Хотя встречи в бассейне только с натяжкой можно было назвать свиданиями, настолько они отличались от привычного понятия. Потому что отсутствие макияжа, дружно потеющие в парной тела, повисшие сосульками волосы, простой спортивный купальник и плавки, а потом расслабленный отдых в спортбаре в удобной просторной одежде — весь этот антураж был далек от романтики. Но нам обоим нравился такой отдых — с серьезными нагрузками и чтобы вдвоем. Во всем этом тоже, на удивление, был свой эстетизм. И мы с ним хорошо смотрелись вместе — я видела это в зеркалах.

Еще мы ходили в кинотеатры с (опять же) приятным интерьером и удобными сиденьями, и смотрели гарантированно интересные фильмы. Гуляли в парках, когда погода радовала, а все вокруг было усыпано разноцветной листвой, а временами уже и снегом, который потом таял… таял, как и всякий первый снег. А однажды он вытащил меня на прогулку, когда стоял густой туман, и мы медленно брели по красно-золотому ковру из палых листьев, будто проплывая сквозь молоко, разбавленное воздухом. Это было очень необычно и очень красиво. Даже наши голоса тогда звучали иначе, звуки разносились глухо и будто вязли во влаге, густо напитавшей воздух. А мы все говорили и говорили, специально наслаждаясь необычным акустическим эффектом.

В конце ноября, накануне зимы, Сергей подарил мне часики — в кружевном корпусе и с ажурным браслетом, сверкающим граненой серебряной зернью. Подарил просто так, безо всякого повода, сказал, что увидел случайно и не смог пройти мимо. Не думаю, что они были очень дорогими, все-таки это было серебро. Зато красивым этот неожиданный подарок был необыкновенно. Первые дни я не могла налюбоваться им и постоянно косилась на свое запястье, отвлекаясь от работы.

Скорее всего, он понимал, что по-настоящему дорогую вещь я не смогла бы принять. Потому и подарил такую, от которой не отказалась бы ни одна женщина — просто не нашла бы в себе сил. Часики эти на работе увидели все, заметили мое любование ими, но никто не спросил о них, кроме Ирины Борисовны. Она восхищалась вместе со мной, а потом прикупила пару таких же — на подарки своим невесткам.

Сережа и одевался красиво и нескучно, и машину для себя выбрал интересную, и квартира его оказалась такой же — совсем не похожей на холостяцкую берлогу. Их с отцом работа не приносила огромных денег, но обеспечивала хороший достаток. Дом Воронцовых-старших тоже был удобным и приятным на вид, но безо всяких претензий на дворцовую или современную роскошь. И просторная двухкомнатная Сережина квартира тоже не поражала дороговизной интерьера, но в ней приятно было находиться.

К чему эти дифирамбы его вкусу?
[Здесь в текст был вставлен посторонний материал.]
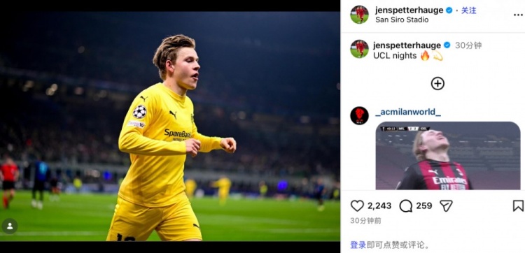 賽后球員更新社媒,曬出自己的比賽照慶祝勝利,并配文寫道:“歐冠之夜?!?/p>
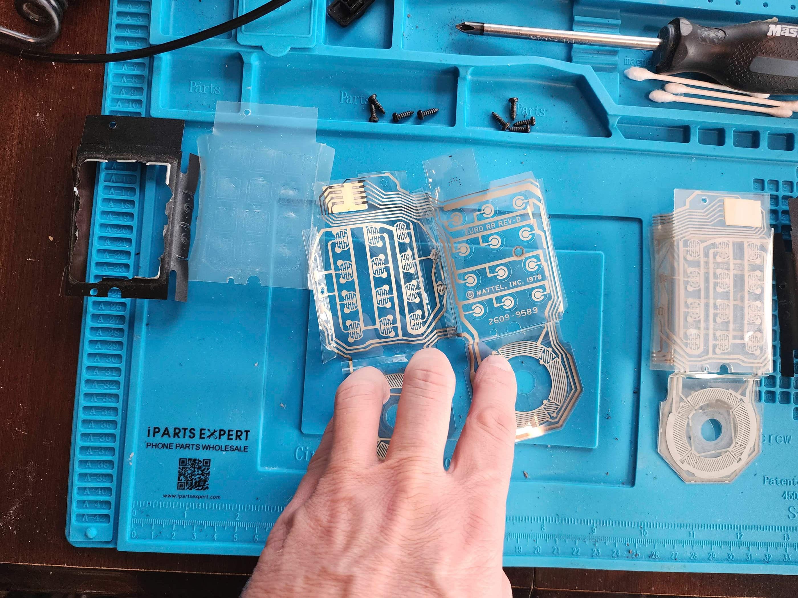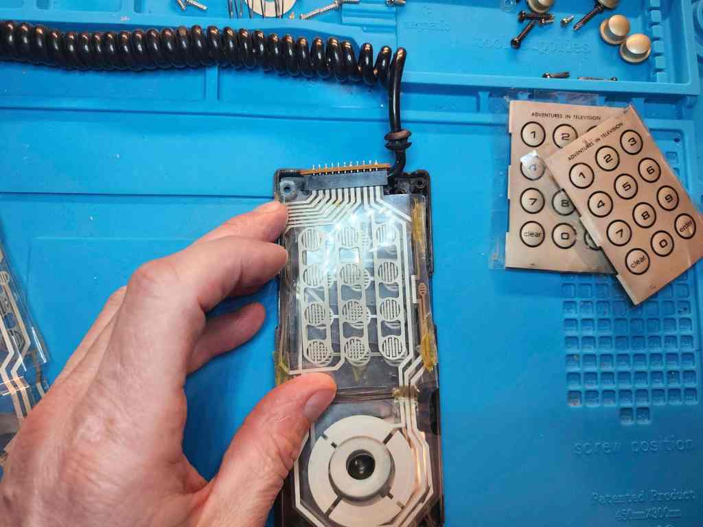 I then got to work taking the system apart and cleaning it. I have to say, the Inty II controllers are the worst controllers to work on because they are so cheaply made. There aren’t any screws holding the casing together like the original Intellivision controllers and the Inty II buttons are simply plastic appendages attached by a thin arm to the back half of the casing. Pulling these things apart it is a risky endeavour because there are double plastic hooks on each corner of the back casing that hold the front and back pieces of the case together. They easily break and if they do, then the controller won’t go back together snugly. Nevertheless, I got both controllers apart without damage, cleaned the flex circuits with IPA (they were dirty!), and then carefully reassembled the controller. The controllers now worked great but I still needed to replace the keypads. I then disassembled the controllers and left them that way until the other Inty II’s arrived.

Потому что он был, на мой взгляд, безупречным. Мне было далеко до него в этом плане, я никогда не придавала значения деталям, а именно они давали завершенность и соответствие стилю и настроению. Во всем, что принадлежало ему и что он делал, был свой стиль — какой-то почти неуловимый налет изысканности, который трудно было объяснить. И тем сильнее был диссонанс с тем, что он тогда сделал в саду, но об этом я старалась не вспоминать, это вызывало внутренний дискомфорт из-за невозможности понять. Но потом всплыло еще и то, о чем я узнала у него в гостях. В тот вечер я узнала об Одетте и узнала нечаянно.
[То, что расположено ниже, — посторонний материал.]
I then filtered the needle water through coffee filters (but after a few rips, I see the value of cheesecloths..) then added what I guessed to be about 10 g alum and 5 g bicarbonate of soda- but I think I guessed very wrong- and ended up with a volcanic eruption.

После того, как он провел меня по своей квартире, показав ее, я попросилась сходить в душ — все-таки целый день на работе. А он посоветовал мне принять ванну, чтобы дать ему больше времени. И я смирилась, хмыкнув — он просто не мог иначе, все должно было пройти не просто хорошо, но и обязательно — красиво. Почти час я кейфовала в воде с морской солью и лавандовой пеной. Из небольшой колонки тихонько лилась спокойная музыка, плотная шторка прикрывала глаза от яркого света, и я расслабилась в теплой воде, стараясь успокоиться совсем — не дергаться и не переживать о том, что должно случиться этой ночью. Это удавалось с трудом, от волнения что-то будто сжалось в грудной клетке и обратно разжиматься не торопилось. Но все равно… к Сереже я чувствовала ласковую и теплую благодарность, и уже не сомневаясь, что мой приход к нему не был ошибкой.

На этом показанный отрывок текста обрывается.